In situ assessment of Mindin as a biomarker of podocyte lesions in diabetic nephropathy

Ana Luisa Monteiro dos Santos Martins 1, Alexia Borges Bernardes 1, Verônica Aparecida Ferreira 1, David Campos Wanderley 2, Stanley de Almeida Araújo 2, José Rodrigues do Carmo Neto 3, Crislaine Aparecida da Silva 1, Régia Caroline Peixoto Lira 1, Liliane Silvano Araújo 1, Marlene Antônia dos Reis 1, Juliana Reis Machado 1,*
Editor: Dured Dardari4
PMCID: PMC10153717  PMID: 37130106

Abstract

Diabetic nephropathy (DN) is the leading cause of chronic kidney disease and end-stage renal failure worldwide. Several mechanisms are involved in the pathogenesis of this disease, which culminate in morphological changes such as podocyte injury. Despite the complex diagnosis and pathogenesis, limited attempts have been made to establish new biomarkers for DN. The higher concentration of Mindin protein in the urine of patients with type 2 diabetes mellitus suggests that it plays a role in DN. Therefore, this study investigated whether in situ protein expression of Mindin can be considered a potential DN biomarker. Fifty renal biopsies from patients diagnosed with DN, 57 with nondiabetic glomerular diseases, including 17 with focal segmental glomerulosclerosis (FSGS), 14 with minimal lesion disease (MLD) and 27 with immunoglobulin A nephropathy (IgAN), and 23 adult kidney samples from autopsies (control group) were evaluated for Mindin expression by immunohistochemistry. Podocyte density was inferred by Wilms’ tumor 1 (WT1) immunostaining, while foot process effacement was assessed by transmission electron microscopy.

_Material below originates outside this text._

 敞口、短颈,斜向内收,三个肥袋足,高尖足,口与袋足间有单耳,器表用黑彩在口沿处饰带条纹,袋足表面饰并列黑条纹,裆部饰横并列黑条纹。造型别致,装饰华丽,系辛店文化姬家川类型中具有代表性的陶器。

Receiver operative characteristic (ROC) analysis was performed to determine the biomarker sensitivity/specificity. Low podocyte density and increased Mindin expression were observed in all cases of DN, regardless of their class. In the DN group, Mindin expression was significantly higher than that in the FSGS, MCD, IgAN and control groups. Higher Mindin expression was significantly positively correlated with foot process effacement only in class III DN cases. Furthermore, Mindin protein presented high specificity in the biopsies of patients with DN (p < 0.0001). Our data suggest that Mindin may play a role in DN pathogenesis and is a promising biomarker of podocyte lesions.

Introduction

Diabetic nephropathy (DN) is one of the most important microvascular complications of diabetes mellitus (DM) [1,2] and is considered the leading cause of chronic kidney disease (CKD) and end-stage renal failure worldwide [3,4]. Approximately 30% to 40% of patients with type 1 and type 2 diabetes develop DN [5,6], which is histologically characterized by mesangial expansion, glomerular basement membrane (GBM) thickening and podocyte lesions caused by hyperglycemia, mechanical stress and increased levels of angiotensin II and transforming growth factor beta [7].

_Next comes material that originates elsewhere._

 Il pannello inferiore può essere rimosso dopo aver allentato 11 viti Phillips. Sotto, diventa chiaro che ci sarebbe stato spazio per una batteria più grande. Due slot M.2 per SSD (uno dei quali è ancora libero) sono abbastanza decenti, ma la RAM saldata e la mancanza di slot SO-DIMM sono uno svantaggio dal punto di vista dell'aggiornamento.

Podocytes are terminally differentiated cells with limited repair capacity. Thus, damage or podocyte loss leads to homeostasis dysregulation in the glomerular filtration barrier (GFB) and proteinuria [8]. Due to the importance of podocytes in GFB, studying biomarkers related to podocyte lesions and their involvement in the progression of DN is necessary. Mindin, also known as Spondin 2, is a member of the Mindin/F-spondin family of proteins, which is secreted from the extracellular matrix and was first identified on the basal lamina of zebrafish [9]. Murakoshi et al. identified increased SPON2 protein and RNAm expression in mice with diabetes and in the urine of patients with type 2 DM, suggesting that Mindin is a potential biomarker of podocyte lesions in DN [10].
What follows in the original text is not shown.